Lawrence - 17 Feb 2007 05:21 GMT Hi all, I use a simple function to create a hash of a file using sha for an utility i'm writing.
The function is here : public static String digest(File file) throws FileNotFoundException, IOException, NoSuchAlgorithmException { MessageDigest sha; sha = MessageDigest.getInstance("sha"); DigestInputStream din = new DigestInputStream(new BufferedInputStream(new FileInputStream(file)),sha);
while (din.read() != -1){} din.close();
return sha.digest().toString();
}
I send a file over a network (LAN) between a mac and a windows computer, both using my application. I sent zip files, mp3s, jpegs, bmps, txt, tiff, gif, and videos and it all worked perfectly, but the outcoming hash is different for the same file. How weird is that ?Maybe the name of the file matters ?It shouldn't.
Luc The Perverse - 17 Feb 2007 06:34 GMT > Hi all, I use a simple function to create a hash of a file using sha > for [quoted text clipped - 21 lines] > outcoming hash is different for the same file. > How weird is that ?Maybe the name of the file matters ?It shouldn't. IF you weren't using java I'd say it could be an endian problem.

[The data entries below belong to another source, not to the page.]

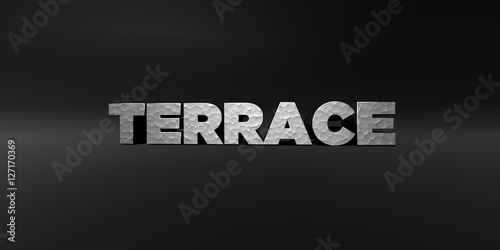TERRACE - hammered metal finish text on black studio - 3D rendered royalty free stock photo. This image can be used for an online website banner ad or a print postcard.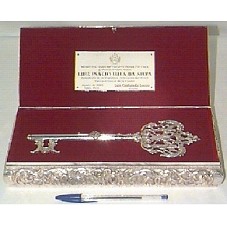 CHAVE DA CIDADE DE LIMA (24 CM) EM PRATA, COM DESENHO DE DUAS AVES AO LADO DE DUAS COLUNAS, COM UMA COROA SOBRE SUAS CABEÇAS. ACOMPANHA PEQUENA CHAVE DA CAIXA QUE A ACONDICIONA. ESTA (13X29X6 CM), EM PRATA TRABALHADA COM DESENHOS DE ARABESCOS E FOLHAS, TENDO NA TAMPA O BRASÃO DA CIDADE DE LIMA. CAIXA FORRADA INTERNAMENTE COM VELUDO VINHO, POSSUINDO UMA PLACA (6X12 CM) FIXADA NO INTERIOR DA TAMPA, COM A INSCRIÇÃO 'MUNICIPALIDAD METROPOLITANA DE LIMA / AL EXCELENTÍSIMO SEÑOR LUIZ INÁCIO LULA DA SILVA / PRESIDENTE DE LA REPÚBLICA FEDERATIVA DEL BRASIL / HUÉSPED ILUSTRE DE LA CIUDAD / AGOSTO DE 2003 / LIMA, PERU. / LUIS CASTAÑEDA LOSSIO / ALCALDE'.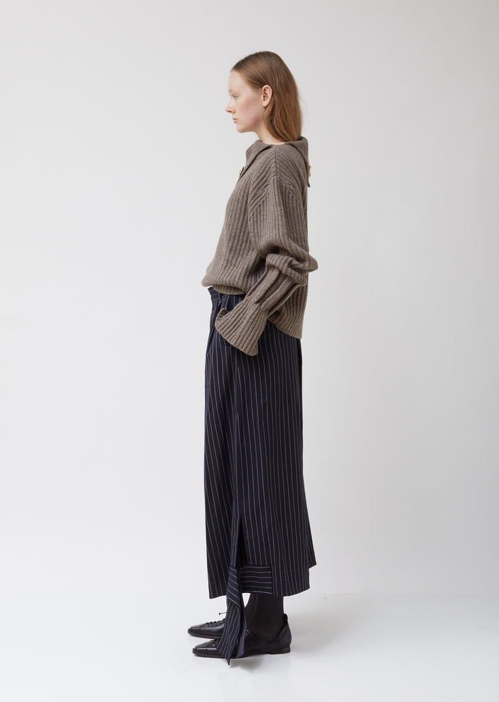 Cropped wide-leg trousers in a navy-and-white pinstripe-woven wool blend, finished with buttoned bow details at the cuffs. Mid-rise. Set-on waistband. Concealed hook-and-eye/button/zip closure. Belt loops. Dropped inseam. Slip pockets. Welt back pockets. Branded tonal buttons. Bow-detail straps can be styled multiple ways. Cropped at lower calf. Relaxed fit.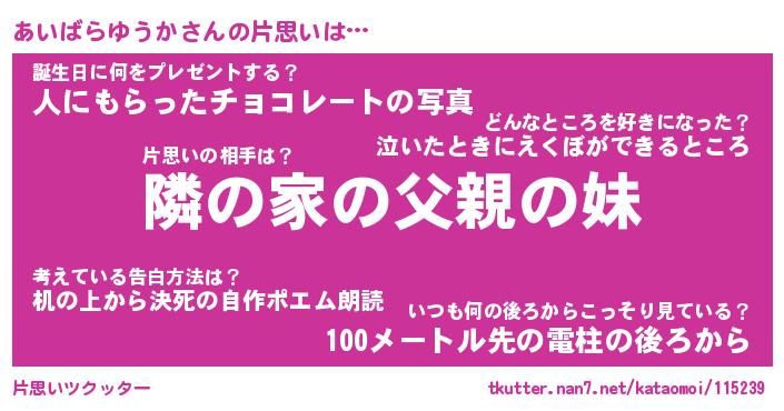 | 胡散臭い通販商品みたいなあだ名 | 『必ず成功する水晶球…その名も「あいばらゆうか」』 |

Test small file and dump hex to screen and compare it.
I'm intrigued ;)
-- LTP
:) Richter~9.6 - 17 Feb 2007 10:10 GMT > Hi all, I use a simple function to create a hash of a file using sha > for [quoted text clipped - 21 lines] > outcoming hash is different for the same file. > How weird is that ?Maybe the name of the file matters ?It shouldn't. Have you tried zipping up the contents before moving it and unzipping it on the target machine?
Regards, Richard
Alex Hunsley - 17 Feb 2007 12:56 GMT > Hi all, I use a simple function to create a hash of a file using sha > for [quoted text clipped - 17 lines] > I send a file over a network (LAN) between a mac and a windows > computer, both using my application. Like Luc, I was suspecting endian problems for a moment, but Java's standard streams assume network byte order (big endian), so Java operating at both ends should match up ok. Could it be something to do with how MessageDigest may be doing any seeding? lex
> I sent zip files, mp3s, jpegs, bmps, txt, tiff, gif, and videos and it > all worked perfectly, but the > outcoming hash is different for the same file. > How weird is that ?Maybe the name of the file matters ?It shouldn't. Eric Sosman - 17 Feb 2007 13:53 GMT > Hi all, I use a simple function to create a hash of a file using sha > for [quoted text clipped - 21 lines] > outcoming hash is different for the same file. > How weird is that ?Maybe the name of the file matters ?It shouldn't. Have you examined the way you "send the file" over the network? Note that Mac and Windows use different conventions to mark the ends of lines in text files, so "the same" text will be represented by different byte sequences on the two machines. Transport mechanisms like FTP make the conversion automatically, so you may not have noticed it happening.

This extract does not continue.